GIVEN MATERIAL ->
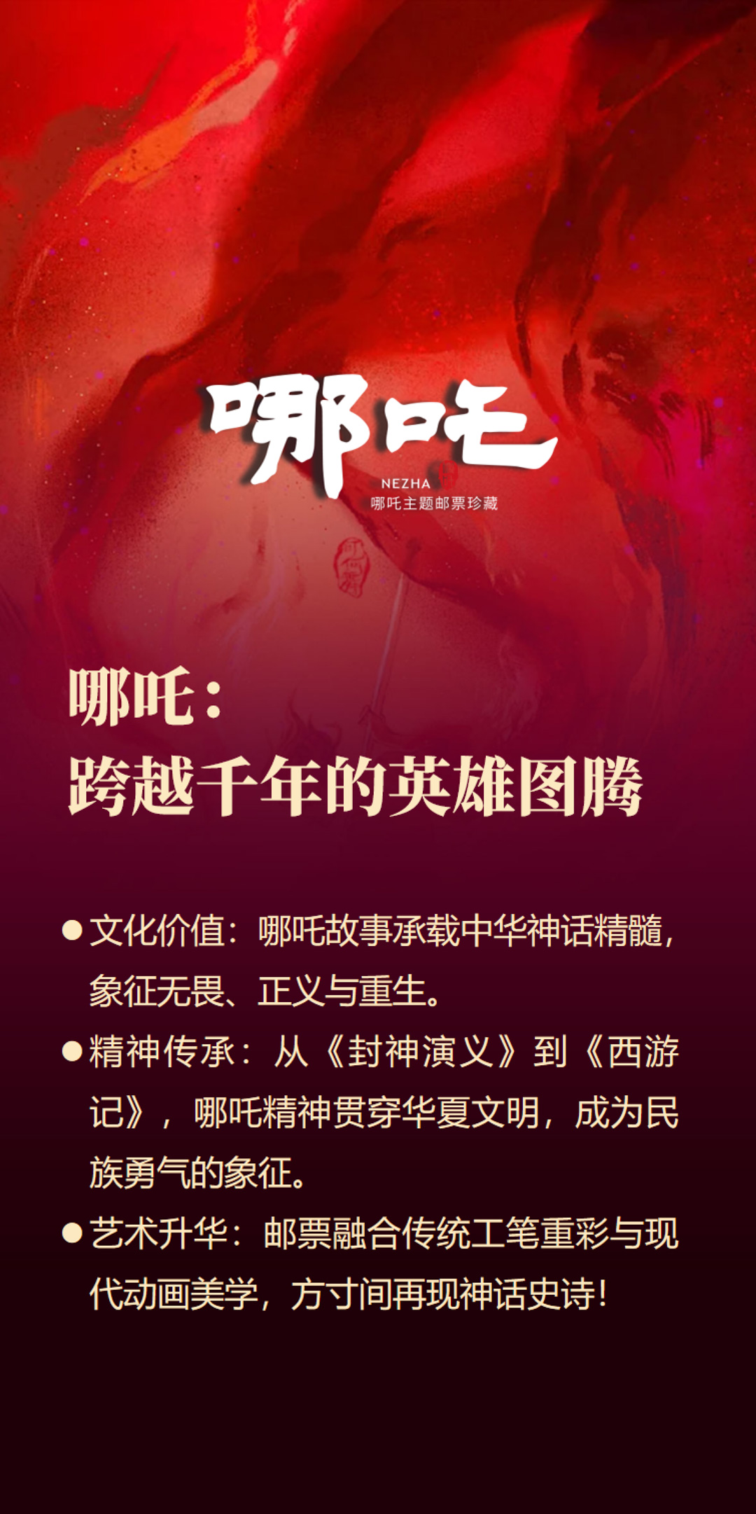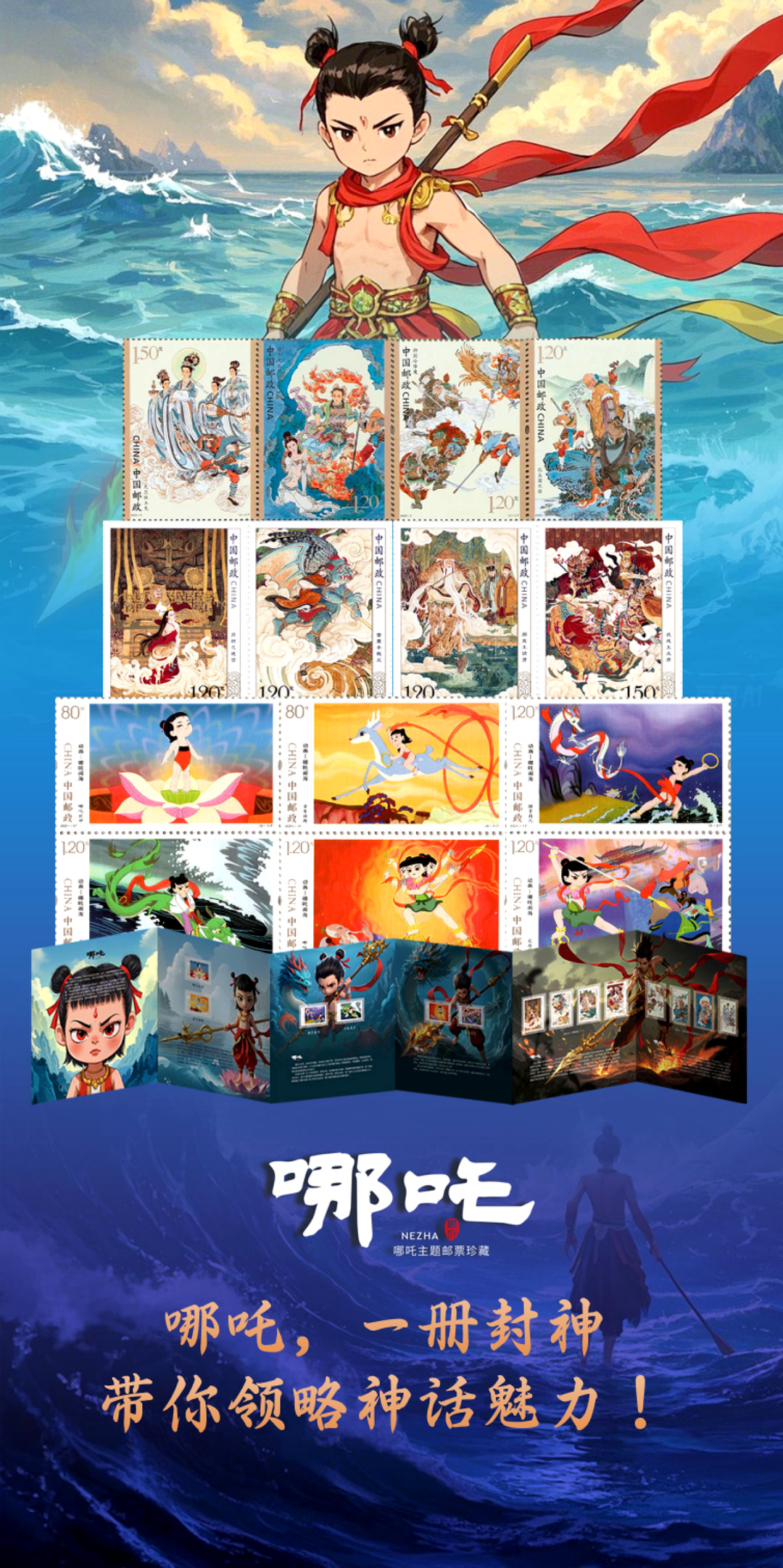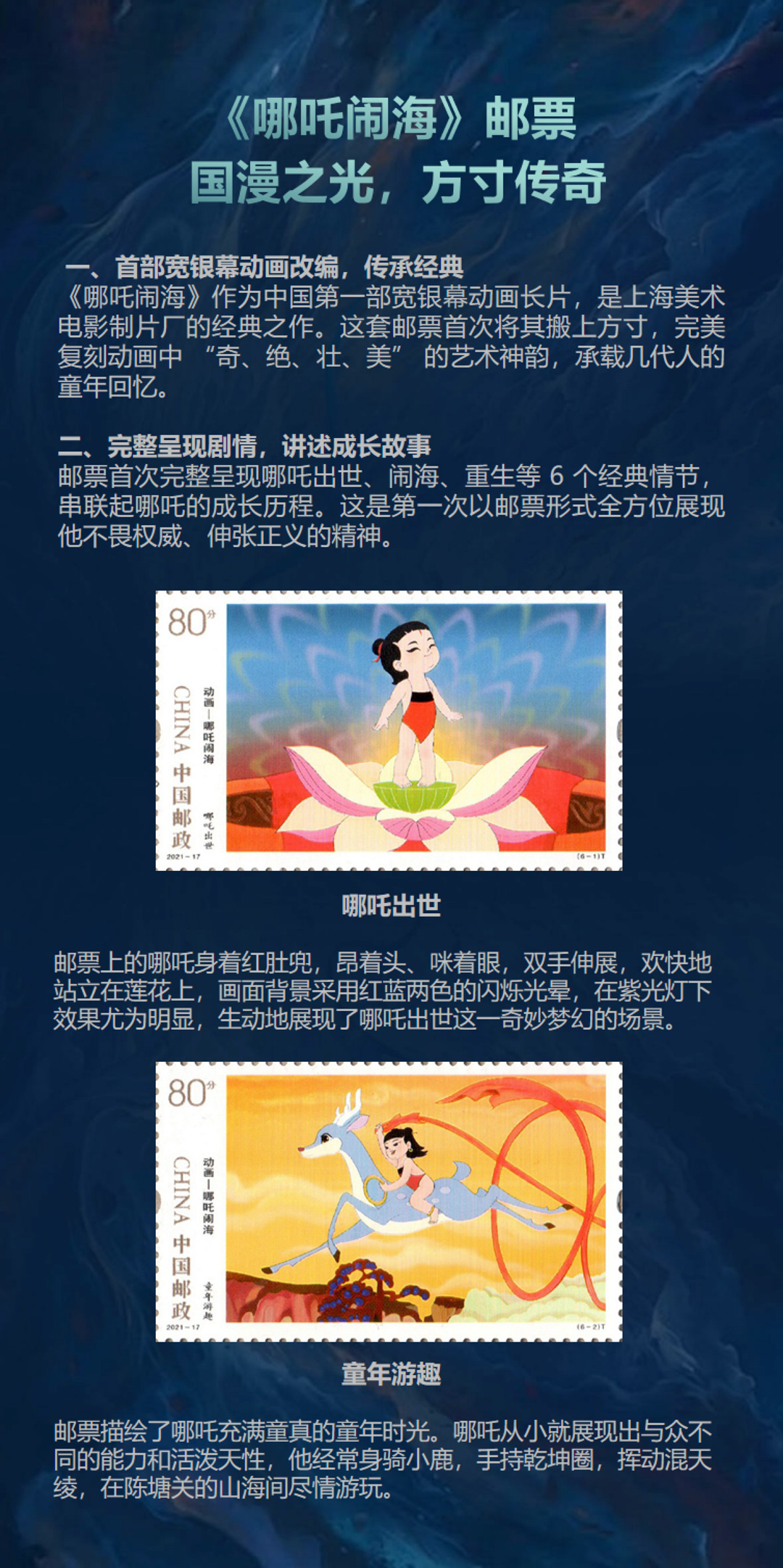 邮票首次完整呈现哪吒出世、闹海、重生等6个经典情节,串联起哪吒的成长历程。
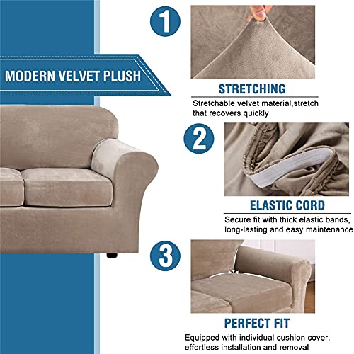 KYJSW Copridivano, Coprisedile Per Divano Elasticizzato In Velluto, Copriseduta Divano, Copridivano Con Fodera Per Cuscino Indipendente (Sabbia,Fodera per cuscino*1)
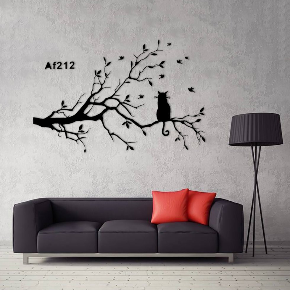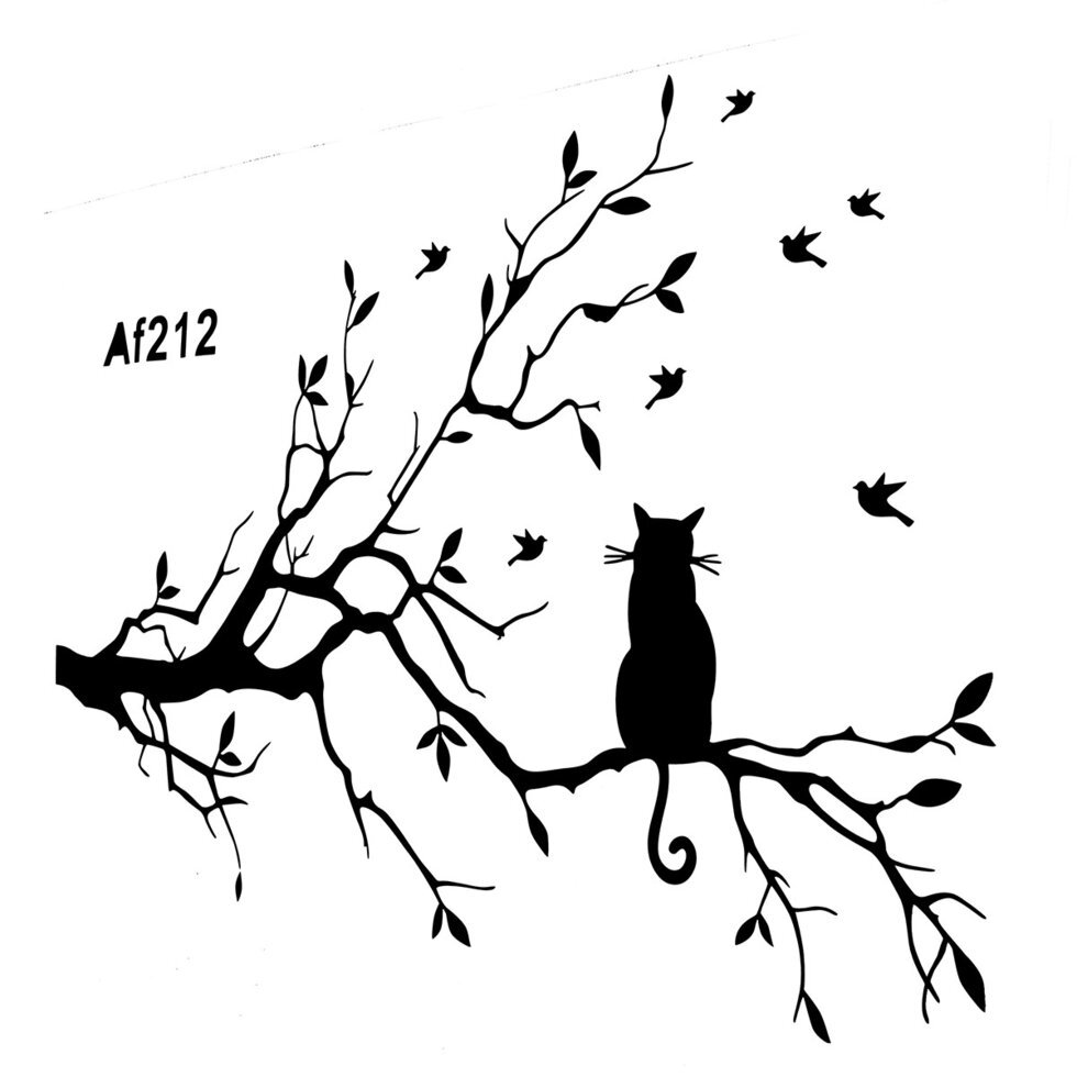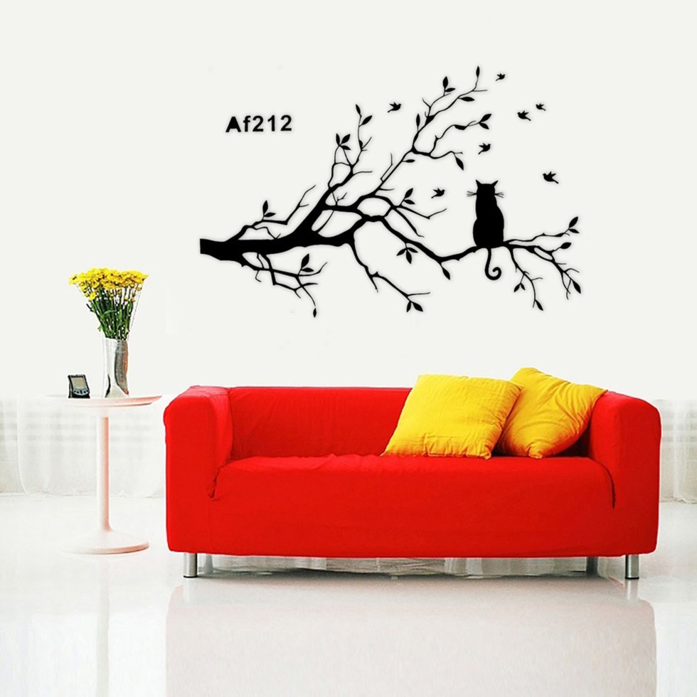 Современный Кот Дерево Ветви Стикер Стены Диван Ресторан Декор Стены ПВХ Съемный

PROBLEM TO SOLVE -> Without including any pictures, reproduce the listing exactly.

EXPECTED OUTPUT ->
 邮票首次完整呈现哪吒出世、闹海、重生等6个经典情节,串联起哪吒的成长历程。
 KYJSW Copridivano, Coprisedile Per Divano Elasticizzato In Velluto, Copriseduta Divano, Copridivano Con Fodera Per Cuscino Indipendente (Sabbia,Fodera per cuscino*1)
 Современный Кот Дерево Ветви Стикер Стены Диван Ресторан Декор Стены ПВХ Съемный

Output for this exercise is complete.